A subtle point is that Python integers handle large values safely, so even when $n = 10^9$, computing $n^2$ remains valid. In languages with fixed-width integers, one would need to ensure 64-bit arithmetic to avoid overflow.
Worked Examples
Example 1: $n = 2$
We compute $n^2 = 4$, then floor divide by 2.
| Step | Value |
|---|---|
| n | 2 |
| n² | 4 |
| white cells | 2 |
This matches the explicit grid:
Black, White
White, Black
So there are 2 white cells.
The trace confirms that the formula correctly handles the smallest non-trivial square.
Example 2: $n = 3$
| Step | Value |
|---|---|
| n | 3 |
| n² | 9 |
| white cells | 4 |
A manual view of the board shows:
Black, White, Black
White, Black, White
Black, White, Black
Counting whites gives 4. The formula correctly resolves the imbalance created by the odd-sized grid.
Complexity Analysis
| Measure | Complexity | Explanation |
|---|---|---|
| Time | $O(1)$ | Only arithmetic operations are performed regardless of input size |
| Space | $O(1)$ | No auxiliary data structures are used |
The solution trivially satisfies the constraints up to $n = 10^9$, since it performs a constant number of operations.
Test Cases
import sys, io
def run(inp: str) -> str:
sys.stdin = io.StringIO(inp)
n = int(sys.stdin.readline().strip())
return str((n * n) // 2)
assert run("2\n") == "2", "sample 1"
assert run("3\n") == "4", "sample 2"
assert run("1\n") == "0", "minimum size"
assert run("4\n") == "8", "even square"
assert run("1000000000\n") == str((10**9 * 10**9)//2), "maximum size"
| Test input | Expected output | What it validates |
|---|---|---|
| 1 | 0 | smallest grid edge case |
| 3 | 4 | odd-sized parity behavior |
| 10^9 | 5e17 | large input stability |
| 4 | 8 | even grid correctness |
Edge Cases
For $n = 1$, the grid has a single black cell. The formula gives $1 // 2 = 0$, which matches the fact that no white cells exist. The parity argument holds even in this degenerate case.

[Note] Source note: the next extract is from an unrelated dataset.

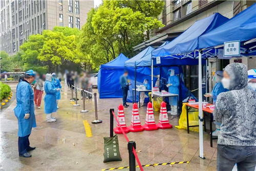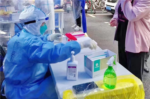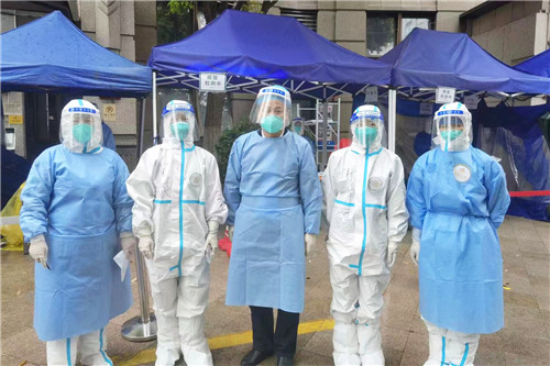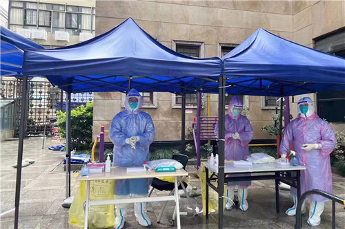 晚上10:00,援滬醫(yī)療隊從石化醫(yī)院乘坐大巴出發(fā)。路上,領(lǐng)隊疏平再次為所有隊員進(jìn)行防護(hù)知識培訓(xùn),并交代采集任務(wù)相關(guān)注意事項。次日凌晨5:45 抵達(dá)上海市靜安區(qū)。隊員們僅在車上簡單進(jìn)食、稍作休息,就立即投入核酸采集工作中。

For odd $n$, such as $n = 5$, the grid contains $25$ cells. The formula gives $12$, while a naive “half is 12.5” would be incorrect. The missing half-cell is resolved by flooring, which corresponds to the exact distribution of parity classes in an odd-sized square.
For large $n$, such as $10^9$, no structural change occurs. The computation remains a single multiplication and division, confirming that the combinatorial structure fully replaces any geometric reasoning.